Para terminar este examen del lenguaje en Heidegger, veamos en concreto su desarrollo formal de dos temas importantes que están estrechamente ligados entre sí: el salto originario-ontológico (Ursprung) y el método etimologizante. Si la historia de la metafísica es la historia de un único error fundamental, el olvido del Ser, que se remonta a Platón, el cometido del «pensar esencial» será regresar a aquellos momentos tan raros en la historia en que los pensadores esenciales atisbaron la verdad del Ser en una intuición poético-pensante y se acercaron a ella. Estos momentos privilegiados, para Heidegger, corresponden a los presocráticos y a ciertos representantes del irracionalismo como Nietzsche y Hölderlin. El regreso a los orígenes es lo que él llama el «salto originario-ontológico». La predilección de Heidegger por los pensadores citados es característico de sus obras de la llamada segunda época (la Carta, Qué significa pensar, Introducción a la metafísica).

En su aspecto metodológico, lo que llamamos segunda etapa de la circularidad expositiva de Heidegger se caracteriza por la aplicación del método etimologizante, consistente en el análisis de la palabra aislada, independiente del periodo. Este método se justifica por el intento de recuperar el primitivo valor de la palabra como substrato de una concepción histórica del mundo. Pero un tal análisis lingüístico olvida con demasiada frecuencia el contexto sintáctico, es decir, la relación coordinativa o subordinativa de los términos de la proposición compuesta. La relación entre dichos términos es inferida de la exégesis individual de cada término sin respeto, por tanto, a la construcción dada en la proposición original. Además, y esto es también muy grave, la unilateralidad del análisis lingüístico omite la mención a las categorías socioeconómicas vigentes en el momento histórico a que se refiere. Sería preciso que la consideración lingüística se complementase con la profundización histórica. Brevemente: enclavar lo dicho por los pensadores en un contexto social concreto.

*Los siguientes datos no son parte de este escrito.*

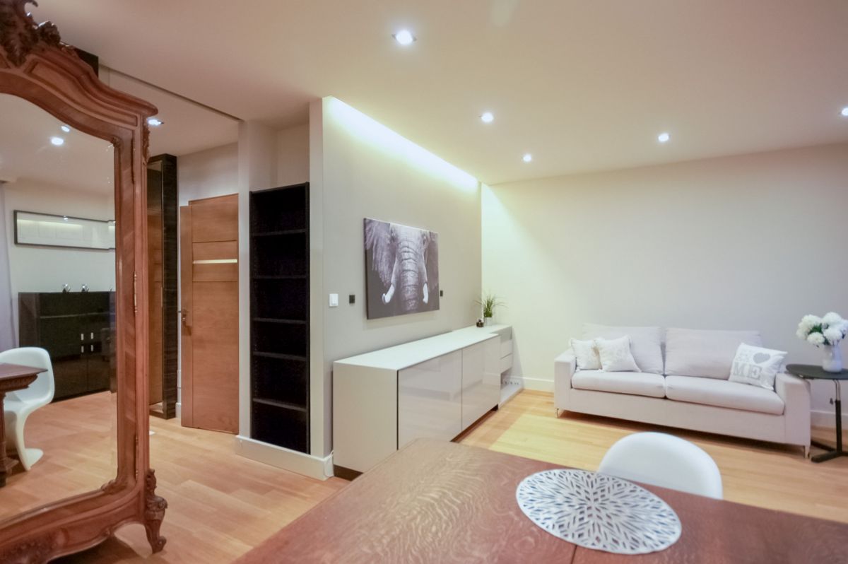 A high end studio with a balcony in the prestigious Marina Mokotów neighbourhood. Finished with attention to the smallest details with top quality materials - mainly wood and natural stone.

Un análisis más detallado de lo que es el método etimologizante rebasarla el marco de este trabajo. Nos limitaremos a citar algunos ejemplos de las arbitrariedades a que da lugar:

1) Según Heidegger, la reflexión de los presocráticos giraba en torno de la palabra physis que designaba al ente como tal y en su totalidad. Pero la crítica filológica ha puesto de manifiesto que el título «peri physeos» dado a las composiciones filosóficas de los primeros pensadores es al parecer posterior y el término sólo se encuentra en algunos pocos fragmentos de Heráclito y Parménides. Ello indica que el «ente en cuanto tal y en su conjunto» no aparece como intuición irracional en los albores del pensamiento.

2) El análisis lingüístico de ciertos textos hecho por Heidegger implica una nueva visión de la historia de la filosofía y termina en la afirmación de que todos los pensadores occidentales han circulado racionalmente en torno a «los mismos». Heráclito pensaba lo mismo que Parménides, porque en otro caso «no sería uno de los más grandes de los grandes griegos» (EM, p. 137). La polémica entre ambos aducida por la crítica no corresponde al desvelamiento de la lengua sino a la simplicidad de la filología o al olvido de la metafísica[9].

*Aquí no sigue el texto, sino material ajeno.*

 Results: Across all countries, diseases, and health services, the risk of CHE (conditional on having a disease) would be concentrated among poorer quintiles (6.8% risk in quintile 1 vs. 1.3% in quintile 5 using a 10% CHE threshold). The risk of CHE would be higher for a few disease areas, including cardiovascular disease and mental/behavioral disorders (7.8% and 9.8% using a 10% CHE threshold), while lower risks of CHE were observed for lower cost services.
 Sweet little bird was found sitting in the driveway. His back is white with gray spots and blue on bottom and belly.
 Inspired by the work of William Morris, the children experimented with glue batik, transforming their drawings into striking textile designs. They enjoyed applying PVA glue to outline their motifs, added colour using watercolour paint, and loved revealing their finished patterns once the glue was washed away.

3) En el conocido fragmento de Parménides normalmente traducido así: «Es preciso (χρή) decir y pensar que el ente es», la locución χρή se sitúa más bien, según Heidegger, en la proximidad de «se da» (es gibt). Recuérdese ahora la palabra Ser y tiempo: «es gibt das Sein», y habremos desenmascarado al oportunismo lingüístico del autor. En el χρή está implícito aquello que nos da que pensar, aquel Ser percibido originariamente que nos destina. En el aforismo de Parménides, continua Heidegger, se menciona un designio, bien que no pensado a propósito, menos explicado[10].

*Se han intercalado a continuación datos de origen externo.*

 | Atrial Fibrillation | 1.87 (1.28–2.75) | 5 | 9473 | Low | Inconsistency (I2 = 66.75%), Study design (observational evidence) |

De todo esto es preciso extraer una conclusión inmediata: el método etimologizante es insuficiente si no va acompañado del análisis sintáctico y del estudio del contenido de las palabras en el contexto social en que se emplearon. En caso contrario, corremos el peligro de enfangarnos en una exégesis que nosotros llamaríamos «platónica» de las palabras. No se ha utilizado aquí el calificativo «platónico» sin motivos. Hace referencia al método que utiliza Platón en el Crátilo mediante el cual intenta sacar a la luz el sentido oculto de los vocablos. Heidegger no ha citado nunca que sepamos este diálogo. Sin embargo se hace preciso citarlo para comparar lo que Platón y Heidegger entienden por lenguaje[11].

Nos preguntamos ahora por la relación entre lenguaje y pensamiento. Acotamos el campo de esta relación prescindiendo de la cuestión y posibilidad de un pensamiento no expresado. El pensar no se reduce al lenguaje. Esta verdad primaria la expresa Heidegger diciendo que el pensar está a la escucha del Ser, listo para darle la respuesta en el lenguaje. Ahora bien: puesto que el hombre aún no ha estado a la escucha del Ser, no se ha preguntado por el Ser ni ha establecido la diferencia esencial entre Ser y ente, concluye Heidegger: no ha pensado. Entonces, ¿qué nos significa pensar? ¿qué es Aquello que nos da el pensar entregándolo como un mandato? En definitiva, ¿qué nos da que pensar? La respuesta inmediata es negativa: solamente podemos aprender a pensar si olvidamos profundamente lo que hasta ahora conocíamos como esencia del pensar (WHD, p. 14).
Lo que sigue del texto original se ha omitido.